Reden voor de aankoop van het beeld Optimus II
Günter Haese vormt filigraanstructuren uit draad. Messing en fosforbrons zijn zijn materialen, waarmee hij snijdt en buigt, als een maas of als een spiraal, gesoldeerd en geassembleerd tot ruimtelijk-plastische formaties, waarmee hij een unieke lichamelijkheid ontwerpt. Tot nu toe heeft hij alles zelf gemaakt en zijn werken zijn van handzame afmetingen gebleven (ca. 50 - 200 cm hoog). De houten transportkisten worden ook met de hand gemaakt, met het voorwerp dat ze moeten bevatten. Haese levert alles compleet, het voltooide werk, de opslag ervan en tenslotte de titel, die meestal wordt geformuleerd volgens een poëtische associatie en soms wordt gewijzigd. Sinds 1963 heeft hij zijn werk met groot succes onder de internationale aandacht weten te brengen en hij heeft deze positie tot op heden weten te behouden.
Met zijn engagement voor de Skulpturensammlung Viersen slaat Haese voor het eerst een andere weg in.
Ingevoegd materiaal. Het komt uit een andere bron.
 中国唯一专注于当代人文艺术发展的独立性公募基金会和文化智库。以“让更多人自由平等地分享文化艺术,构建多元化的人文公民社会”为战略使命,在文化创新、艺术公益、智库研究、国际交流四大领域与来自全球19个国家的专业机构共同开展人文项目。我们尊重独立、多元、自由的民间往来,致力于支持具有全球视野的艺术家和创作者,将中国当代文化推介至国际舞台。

Na lang beraad, verschillende bezoeken ter plaatse en intensieve besprekingen is de mogelijkheid van een monumentale sculptuur in een openbare ruimte en bovendien in een ensemble van totaal verschillende, hedendaagse werken voor hem een artistieke uitdaging geworden, die hij met de hem kenmerkende omzichtigheid wil aangaan.
Het gaat natuurlijk niet alleen om het vergroten van de afmetingen van een Haese voorwerp, maar vooral om het inbrengen van de artistieke kwaliteiten van het eigen werk in de nieuwe situatie: De delicate en fijngevoelige constructie van draad, de opengewerkte ruimtelijkheid, de vibrerende beweeglijkheid van de afzonderlijke ledematen en hun reactie op luchtbewegingen, de weerkaatsingen van licht en glans in interactie met vaste en bewegende delen van de constructie, en de speelse beschrijving van de met lucht gevulde ruimte als een bezielde bol.
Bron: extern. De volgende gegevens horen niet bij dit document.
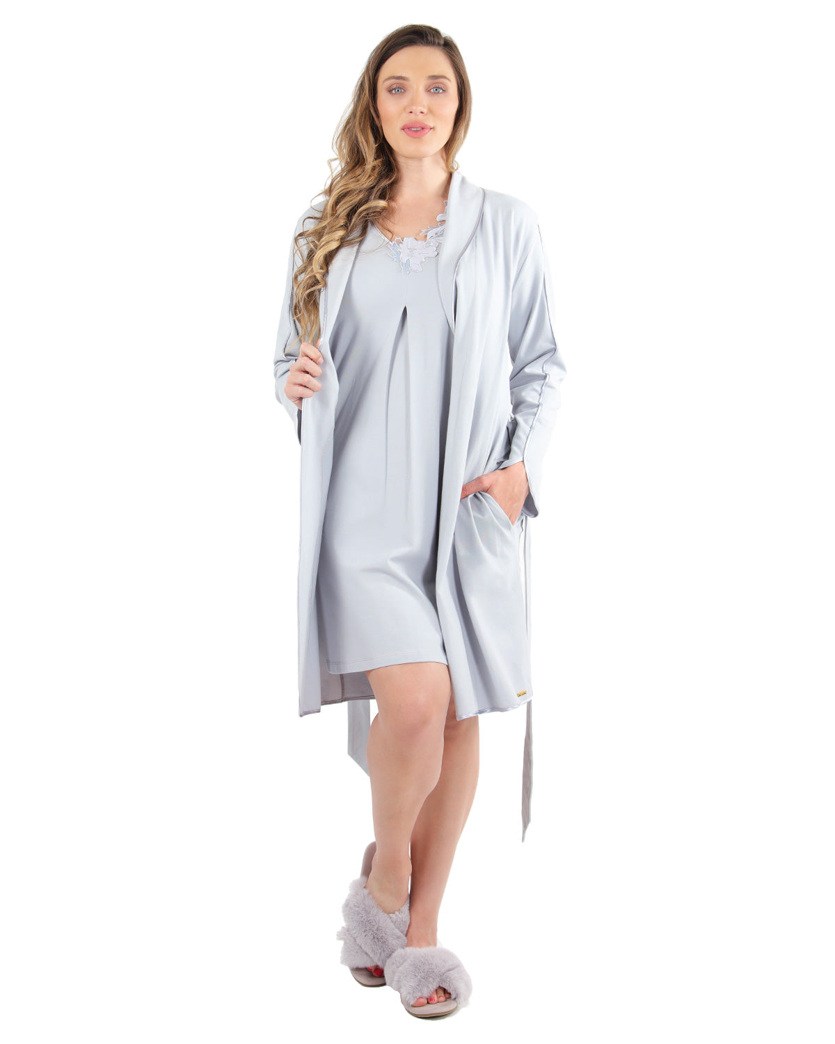 Women's Lace Applique Cotton Blend Robe with Satin Weave Trim

Een kinetica ontdaan van louter mechanica die zichzelf transformeert in een bijna organische willekeurigheid van beweging. Het gebouwde frame als orgaan - vandaar de vergelijking met antennes of ruimtesondes die Haese's objecten telkens weer oproepen. Zij wijzen in de uitgestrektheid van de ruimte en bevestigen de mogelijkheid om die te doorkruisen. Tegelijkertijd zijn het celachtige constructies waarin de opeenvolging, de regelmaat en het isolement van een interieur kunnen worden ervaren als een mogelijke mobiliteit binnenin zichzelf, als door een transparante huid. Celstructuur en tentakel, voeler en antenne en tegelijk gestructureerd serieel opgebouwd en regelmatig lijkend lichaam, waarin de beweging als een van zijn mogelijke zijnswijzen verschijnt als een sporadische reflex of ook als een blazende ademhaling - als een oneindig tedere gevoeligheid.
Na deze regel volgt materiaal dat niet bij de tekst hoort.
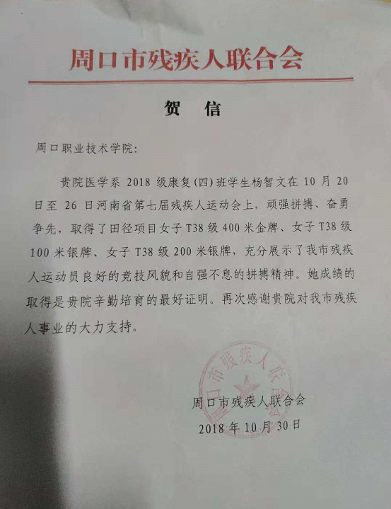 在刚刚结束的河南省第七届残疾人运动会上,bw必威西汉姆联官方网站2018级大专康复4班学生杨智文代表周口市及我校参赛,取得了女子组T38级100米银牌,200米银牌,400米金牌的佳绩,为我市及我校争得了荣誉。受到市残联的通报佳奖。

De beeldencollectie van Viersen, die zich tot taak heeft gesteld essentiële uitingen van de plastiek in buitengewone werken bijeen te brengen, ze te confronteren en ze deel te laten uitmaken van het stedelijk leven, wordt op unieke wijze verrijkt met een plastisch object van Günter Haese. Het montagekarakter van dit metalen werk verschilt aanzienlijk van de bestaande werken van een Wolfgang Nestler en de "New Star" van Mark di Suvero. Haese's werk brengt een geheel nieuwe dimensie van beeldhouwkunst in de Skulpturensammlung Viersen.